=== Section Start ===

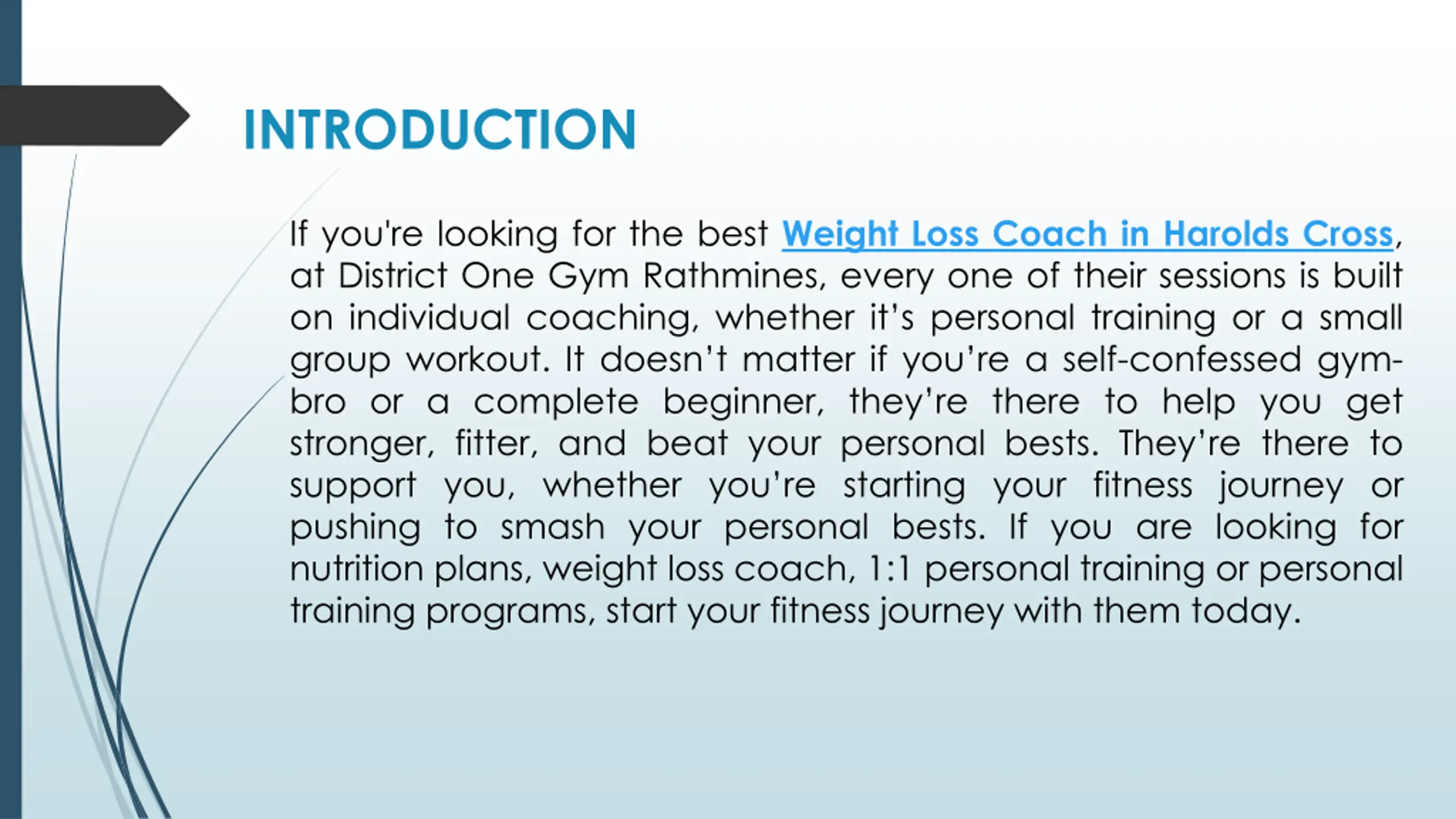 INTRODUCTION If you're looking for the best Weight Loss Coach in Harolds Cross, at District One Gym Rathmines, every one of their sessions is built on individual coaching, whether it s personal training or a small group workout. It doesn t matter if you re a self-confessed gym- bro or a complete beginner, they re there to help you get stronger, fitter, and beat your personal bests. They re there to support you, whether you re starting your fitness journey or pushing to smash your personal bests. If you are looking for nutrition plans, weight loss coach, 1:1 personal training or personal training programs, start your fitness journey with them today.
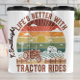 Esta é uma design gráfica rústica com um tema de fazenda. A imagem central apresenta um trator clássico num campo arado com cerca de madeira e feixes de trigo. Um celeiro e moinho de vento são visíveis à distância. O fundo é um pôr do sol vibrante com raios de sol em várias cores. A frase "A LIFE'S BETTER WITH TRATOR RIDES" aparece de forma destacada, acima e abaixo da cena, em caracteres negros e meteorológicos.
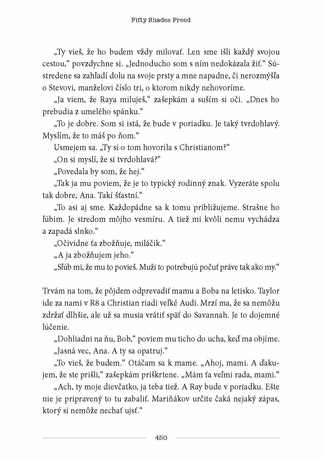 Od začiatku vedela, že vzťah s jej Tieňom nebude prechádzka ružovou záhradou. Christianov životný štýl jej nikdy nebol blízky, no musí sa ho naučiť žiť spolu s ním, a to bez toho, aby stratila vlastnú tvár, integritu a nezávislosť. Christian zas musí prekonať svoju posadnutosť kontrolou a vyrovnať sa so svojimi vnútornými démonmi.

=== Section End ===

Could you copy exactly, and with no pictures, the lines above from the one containing "Esta é uma design" through the last line, both included?

◆ WRITTEN ANSWER
 Esta é uma design gráfica rústica com um tema de fazenda. A imagem central apresenta um trator clássico num campo arado com cerca de madeira e feixes de trigo. Um celeiro e moinho de vento são visíveis à distância. O fundo é um pôr do sol vibrante com raios de sol em várias cores. A frase "A LIFE'S BETTER WITH TRATOR RIDES" aparece de forma destacada, acima e abaixo da cena, em caracteres negros e meteorológicos.
 Od začiatku vedela, že vzťah s jej Tieňom nebude prechádzka ružovou záhradou. Christianov životný štýl jej nikdy nebol blízky, no musí sa ho naučiť žiť spolu s ním, a to bez toho, aby stratila vlastnú tvár, integritu a nezávislosť. Christian zas musí prekonať svoju posadnutosť kontrolou a vyrovnať sa so svojimi vnútornými démonmi.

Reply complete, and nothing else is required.